BHP’s Costs Crash Diet Is Running Out of Steam – by David Fickling (Bloomberg News – August 20, 2018)

Going on a crash diet seems great while you’re shedding the pounds. The problem is sticking with it for the long term.

That’s what seems to be happening to the world’s miners, which have spent the years since the commodity boom peaked in 2011 holding down salaries, eking out efficiencies and extracting the highest-quality parts of their deposits to keep costs in line with deflating prices.
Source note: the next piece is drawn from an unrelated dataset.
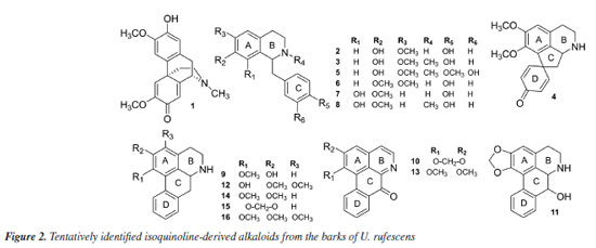 EXPERIMENTAL General experimental procedures Liquid chromatography coupled to tandem mass spectrometry analysis (LC-MS/MS) was performed using a system comprising an Accela chromatograph coupled with an LCQ ion trap mass spectrometer (Thermo Scientific, Waltham, MA, USA). Semi-preparative HPLC (high-performance liquid chromatography) analysis was carried out on a UFLC system (LC-6 AD pump; DGU-20A5 degasser; SPD-20AV UV detector; rheodyne injector; CBM-20A communication module) (Shimadzu, Columbia, MD, USA). Nuclear magnetic resonance (NMR) spectroscopy analysis was performed with an AVANCE III 600 NMR spectrometers (Bruker, Karlsruhe, Germany), operating at 14.1 T, observing 1H at 600.13 MHz. An analytical mill Q298A (Quimis, Diadema, SP, Brazil) was used to grind the sample. All solvents used for extraction, chromatography, and MS experiments were HPLC grade, purchased from Tedia (Fairfield, OH, USA), and the water was purified by a Milli-Q system. Deuterated methanol (CΔ3OD) (Cambridge Isotope, Tewksbury, USA) was used as solvent for NMR analysis. Authenticated standards of pallidine, stepharine, reticuline, asimilobine, liriodenine, norushinsunine, isopiline, lysicamine, nornuciferine, anonaine, and O-methylisopiline were sourced from the authors' laboratory.11,22 Plant material The trunk bark of U. rufecens was collected in the Esteio Farm (2º23'15.1"S 59º50'53.3"W) of the Projeto Dinâmica Biológica de Fragmentos Florestais (PDBFF), located in the Distrito Agropecuário da SUFRAMA, Manaus, Brazil, from specimen previously identified by Prof. Paul J. M. Maas. A voucher specimen (No. 3767) is deposited in the botany collection of PDBFF. Access to the plant material is registered in the Sistema Nacional de Gestão do Patrimônio Genético e do Conhecimento Tradicional Associado (SisGen) under code AE0F182. Alkaloid extraction and semi-preparative HPLC analysis The alkaloid fraction was obtained according to a previously reported methodology.7 Firstly, the plant material was powdered using an analytical mill. Then, the powdered trunk bark (2 g) was stirred with a vortex mixer with a mixture of 10% ammonium hydroxide (NH4OH) aqueous solution (20 mL) and dichloromethane (CH2Cl2) (20 mL) in a glass container. Subsequently, the organic phase was transferred to another glass container and stirred with a 10% acetic acid (CH3CO2H) aqueous solution (20 mL). Afterward, the aqueous phase was separated and treated with NH4OH until a pH of 10 was achieved. Then, this phase was extracted under vigorous stirring with CH2Cl2 (20 mL). Finally, the organic phase was dried over anhydrous sodium sulfate, transferred to a new container, and the solvent was evaporated to dryness under a nitrogen gas stream, yielding the alkaloid fraction (5.6 mg, 0.28%). The procedure was repeated two more times, yielding a total of 13.4 mg of alkaloid fraction. A part of the alkaloidal fraction (10 mg) was subjected to fractionation by semi-preparative HPLC using 0.01% trifluoroacetic acid aqueous solution (A) and methanol (B) as mobile phases. Elution was performed using a flow of 4.5 mL min-1 and through a gradient of 30% B to 80% B over 20 min. A C18(2) column (250 × 10 mm i.d., 5 μm) (Phenomenex, Torrance, CA, USA) was employed on the fractionation being monitored with UV channels at 250 and 280 nm. A single injection was carried into the column in MeOH (50 μL) affording compound 1 (4.6 mg). LC-MS/MS analysis The alkaloid fraction was diluted to 1 mg mL-1 in MeOH and analyzed (10 µL, injection volume) with an Accela HPLC system (Thermo Scientific) equipped with a Phenomenex Luna C18(2) column (150 mm × 4.6 mm i.d., 5 µm) (Torrance, CA, USA). The mobile phase consisted of 0.01% trifluoroacetic acid aqueous solution (A) and ACN (B). Elution was performed using a flow of 1 mL min-1 and through a gradient of 20% B to 80% B over 15 min, followed by 10 min at 80% B. The outlet from the column was connected through a split valve (flow of 500 µL min-1) to a LCQ fleet mass spectrometer (Thermo Scientific). Ionization was performed with an APCI source operating at positive ion mode. The ionization settings were as follows: positive polarity, source voltage, 6 kV, discharge current, 5 µA; vaporizer temperature, 330 ºC; sheath gas pressure, 35 arbitrary unit (arb); ion sweep gas pressure, 0.0 arb; aux gas pressure, 15 arb; capillary temperature, 250 ºC; tube lens offset, 110 V; skimmer offset, 0 V; mass range, m/z 100 to 800. Helium was used as collision gas, and the MSn spectra were obtained using collision energies ranging from 20 to 27%. Analysis of authenticated standards by DI-MS For direct injection mass spectrometry (DI-MS) analysis, stock solutions (1 mg mL-1) of the authenticated standards of pallidine, stepharine, reticuline, asimilobine, liriodenine, norushinsunine, isopiline, lysicamine, nornuciferine, anonaine, and O-methylisopiline were prepared in HPLC-grade MeOH. Aliquot (10 µL) of the stock solution was subsequently transferred to vials containing 1 mL of MeOH. Finally, the diluted solution (10 ppm) was analyzed by direct injection into a LCQ fleet mass spectrometer (Thermo Scientific) equipped with an APCI source operating in positive polarity mode. The ionization settings were the same as those of the LC-MS/MS analysis.

The cycle looks to be turning, though: Controllable cash costs at BHP Billiton Ltd. rose by $1.24 billion in the year through June, the company reported Tuesday, mainly because of declines in oil and gas fields, operational problems at two coking coal mines and issues around processing costs at two copper mines.

That was enough to overwhelm the $1.02 billion gain to Ebitda from higher volumes at the company’s two biggest operations, the Escondida copper mine and its Australian iron ore business.

BHP isn’t alone in this. At Rio Tinto Group, operating costs in the six months through June rose $392 million from a year earlier, owing in large part to the increasing price of raw materials for its aluminum business such as caustic soda and petroleum coke. Copper miner Antofagasta Plc saw unit costs rise more than 20 percent in the first half as reduced volumes pushed operations closer to their fixed-cost base.